Follow-up care is a key part of your treatment and safety. Be sure to make and go to all appointments, and call your doctor or nurse call line if you are having problems. It's also a good idea to know your test results and keep a list of the medicines you take.

How can you care for yourself at home?

  • Work with your doctor or dietitian to create a food plan that guides your daily food choices.
  • Do not skip meals or go for many hours without eating.
  • You can use margarine, mayonnaise, and oil to add calories to your diet for energy. The healthiest oils are olive, canola, and safflower oils.
  • Talk to your dietitian about eating sweets, including honey and sugar.
  • Be safe with medicines. Take your medicines exactly as prescribed. Call your doctor or nurse call line if you think you are having a problem with your medicine. You will get more details on the specific medicines your doctor prescribes.
  • Do not take any other medicine without talking to your doctor first. This includes over-the-counter medicines, and natural health products such as vitamins and herbal products.
  • Limit alcohol to no more than 1 drink per day. Count it as part of your fluid allowance.
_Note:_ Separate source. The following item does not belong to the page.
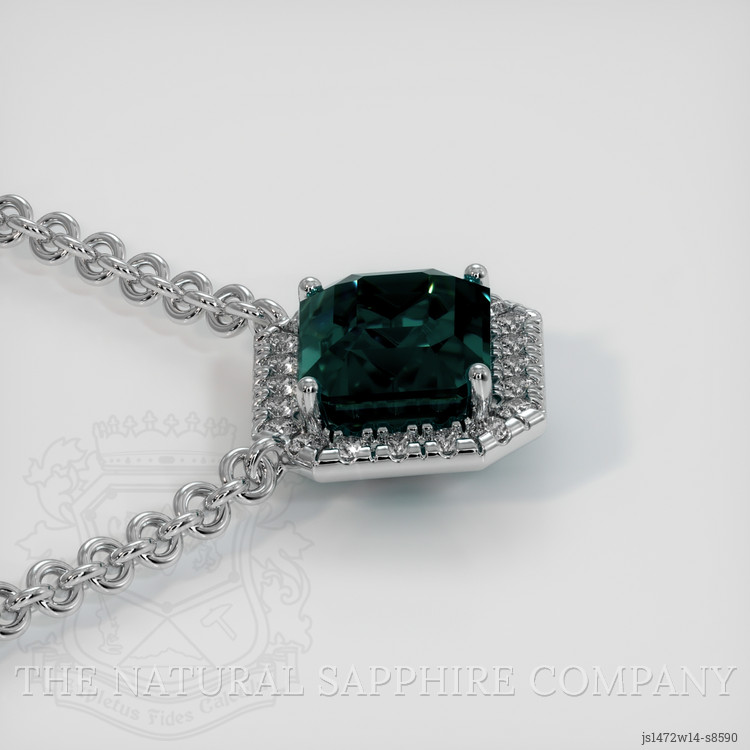The necklace features a beautiful, transparent 4.52 carat emerald cut shape bluish green sapphire with the dimensions of 9.45 x 7.88 x 5.92 mm and a emerald cut. It has a clarity grade of eye clean (evaluated at eye level), intense color saturation, and an excellent polish. The origin of this sapphire is Ceylon (Sri Lanka).

To get the right amount of protein

  • Ask your doctor or dietitian how much protein you can have each day. You need some protein to stay healthy.
  • Include all sources of protein in your daily protein count. Besides meat, poultry, and fish, protein is found in milk and milk products, beans, peas, lentils, nuts, seeds, tofu, and eggs. Check for protein on the Nutrition Facts label found on packages of food such as bread and cereal.

To limit salt

  • Do not add salt to your food. And look for "reduced salt" or "low sodium" on labels.
  • Do not use a salt substitute or lite salt unless your doctor says it is okay. (These products are high in potassium.)
  • Avoid or use very small amounts of condiments and marinades. These include soy sauce, fish sauce, and barbecue sauce. They are high in sodium.
  • Avoid salted pretzels, chips, and other salted snacks.
  • Check food labels to become more aware of the sodium content of foods. Foods that are high in sodium include soups; many canned foods; cured, smoked, or dried meats; and many packaged foods.

To control carbohydrate

  • Ask your dietitian how much carbohydrate you can have. Carbohydrate foods include:
    • Whole grain and refined breads and cereals, and some vegetables such as peas and beans.
    • Fruits, milk, and milk products (except cheese).
    • Candy, table sugar, and regular carbonated drinks.

To limit fluids

  • Know what your fluid allowance is. Fill a pitcher with that amount of water every day. If you drink another fluid (such as coffee) that day, pour an equal amount out of the pitcher.
  • Foods that are liquid at room temperature count as fluids. These include ice, gelatin, ice pops, and ice cream.

To limit potassium

Ask your healthcare provider how to change your diet to eat the amount of potassium that's right for you. Refer to Potassium and Your Kidney Diet for a complete list of potassium foods.

  • Fruits that are low in potassium include blueberries and raspberries.
  • Vegetables that are low in potassium include cucumbers and radishes.
  • Limit, or avoid high-potassium foods such as avocado, cooked greens, tomato and tomato products (like sauce and paste), milk and milk products (like yogurt and cheese), nuts and seeds, whole grains, and legumes.
  • Avoid processed foods that have reduced salt. Many of these foods replace salt with potassium, always check the ingredient list.

To limit phosphorus

Ask your healthcare provider how to change your diet to eat the amount of phosphorus that's right for you.

  • Follow your doctor's or dietitian's plan for your limit on milk and milk products in your diet.
  • Avoid nuts, peanut butter, seeds, lentils, all legumes and pulses, processed and organ meats, salmon and sardines.
  • Avoid drinks with added phosphate such as: cola, iced tea, root beer, drink crystals, some flavoured waters.
  • Avoid whole grains and whole wheat bread, bran breads or bran cereals. They are high in phosphorus.